§ The data
......

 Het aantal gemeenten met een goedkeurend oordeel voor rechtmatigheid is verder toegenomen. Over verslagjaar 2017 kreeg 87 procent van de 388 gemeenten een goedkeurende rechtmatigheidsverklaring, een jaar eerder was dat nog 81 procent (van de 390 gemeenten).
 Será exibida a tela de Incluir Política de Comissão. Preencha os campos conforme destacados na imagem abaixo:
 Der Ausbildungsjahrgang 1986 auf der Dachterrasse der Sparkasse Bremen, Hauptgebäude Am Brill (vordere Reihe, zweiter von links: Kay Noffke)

......

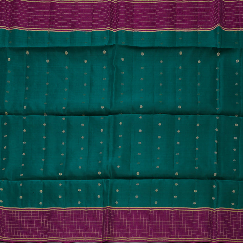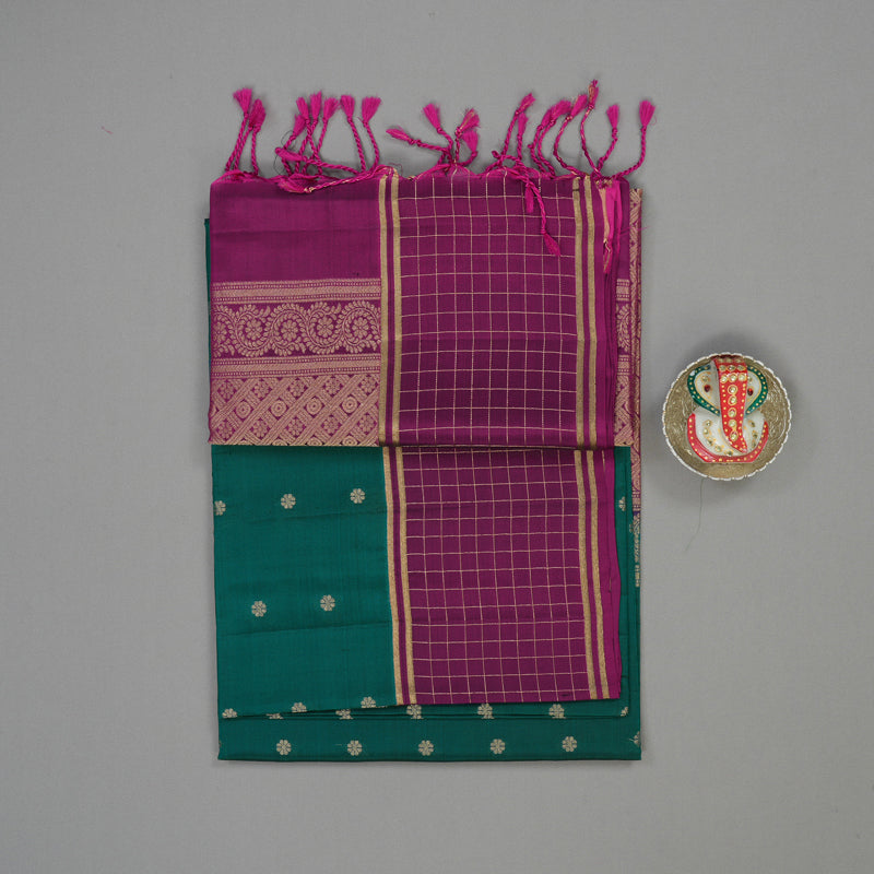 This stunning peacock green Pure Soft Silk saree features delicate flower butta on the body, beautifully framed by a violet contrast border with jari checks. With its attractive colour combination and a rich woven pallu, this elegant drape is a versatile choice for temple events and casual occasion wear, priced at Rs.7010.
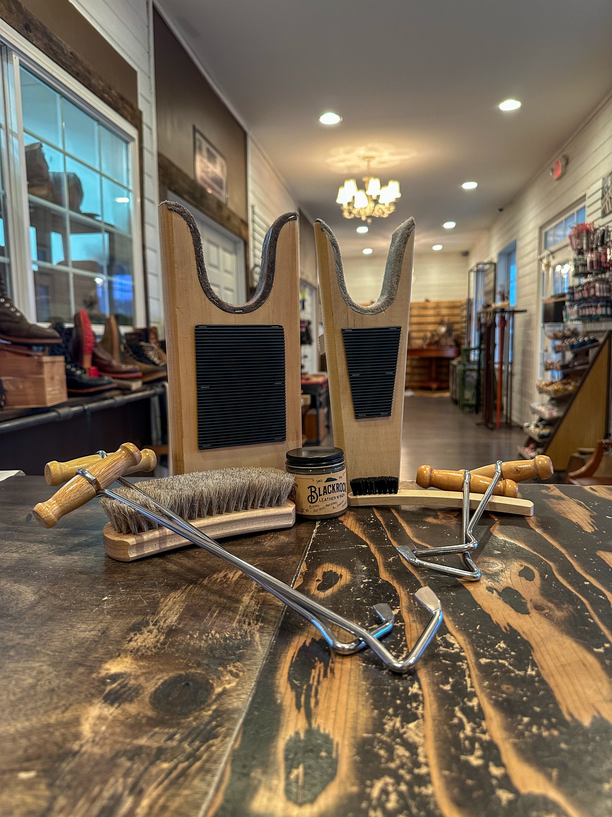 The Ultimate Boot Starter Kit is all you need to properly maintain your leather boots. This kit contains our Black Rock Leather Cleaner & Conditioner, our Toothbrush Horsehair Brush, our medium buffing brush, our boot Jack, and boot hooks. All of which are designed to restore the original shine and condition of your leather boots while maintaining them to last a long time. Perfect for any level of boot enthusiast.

......

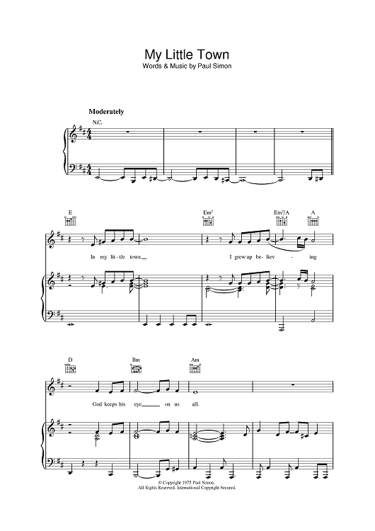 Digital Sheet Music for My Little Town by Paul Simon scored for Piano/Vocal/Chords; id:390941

......

§ What is expected
Please output the lines of the listing above that fall in the stretch from the one with "Será exibida a" through the one with "Der Ausbildungsjahrgang 1986", exactly and only those.

§ Task answer
 Será exibida a tela de Incluir Política de Comissão. Preencha os campos conforme destacados na imagem abaixo:
 Der Ausbildungsjahrgang 1986 auf der Dachterrasse der Sparkasse Bremen, Hauptgebäude Am Brill (vordere Reihe, zweiter von links: Kay Noffke)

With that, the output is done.